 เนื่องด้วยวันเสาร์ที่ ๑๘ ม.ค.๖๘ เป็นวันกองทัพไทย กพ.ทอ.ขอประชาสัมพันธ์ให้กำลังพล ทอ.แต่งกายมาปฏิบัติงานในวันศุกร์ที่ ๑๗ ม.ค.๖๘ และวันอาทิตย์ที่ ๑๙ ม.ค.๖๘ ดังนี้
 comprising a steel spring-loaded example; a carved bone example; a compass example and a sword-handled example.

* * * * *

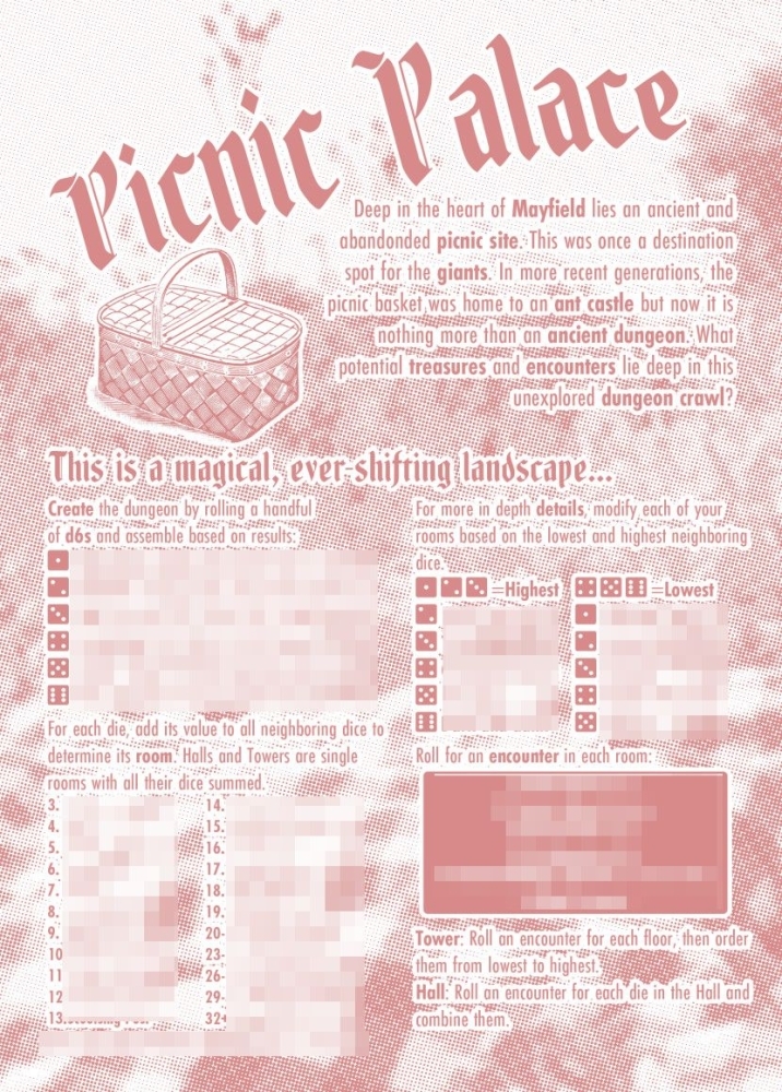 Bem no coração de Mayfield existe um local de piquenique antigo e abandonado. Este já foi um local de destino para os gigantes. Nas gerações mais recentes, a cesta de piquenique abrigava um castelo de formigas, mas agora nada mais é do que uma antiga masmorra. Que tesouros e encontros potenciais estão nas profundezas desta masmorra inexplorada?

* * * * *

### [YOUR ASSIGNMENT]
Above this task is a listing. Restate, word for word and with nothing added, the lines from the one with "เนื่องด้วยวันเสาร์ที่ ๑๘ ม.ค.๖๘" through the one with "comprising a steel".

### [ANSWER TO THE EXERCISE]
 เนื่องด้วยวันเสาร์ที่ ๑๘ ม.ค.๖๘ เป็นวันกองทัพไทย กพ.ทอ.ขอประชาสัมพันธ์ให้กำลังพล ทอ.แต่งกายมาปฏิบัติงานในวันศุกร์ที่ ๑๗ ม.ค.๖๘ และวันอาทิตย์ที่ ๑๙ ม.ค.๖๘ ดังนี้
 comprising a steel spring-loaded example; a carved bone example; a compass example and a sword-handled example.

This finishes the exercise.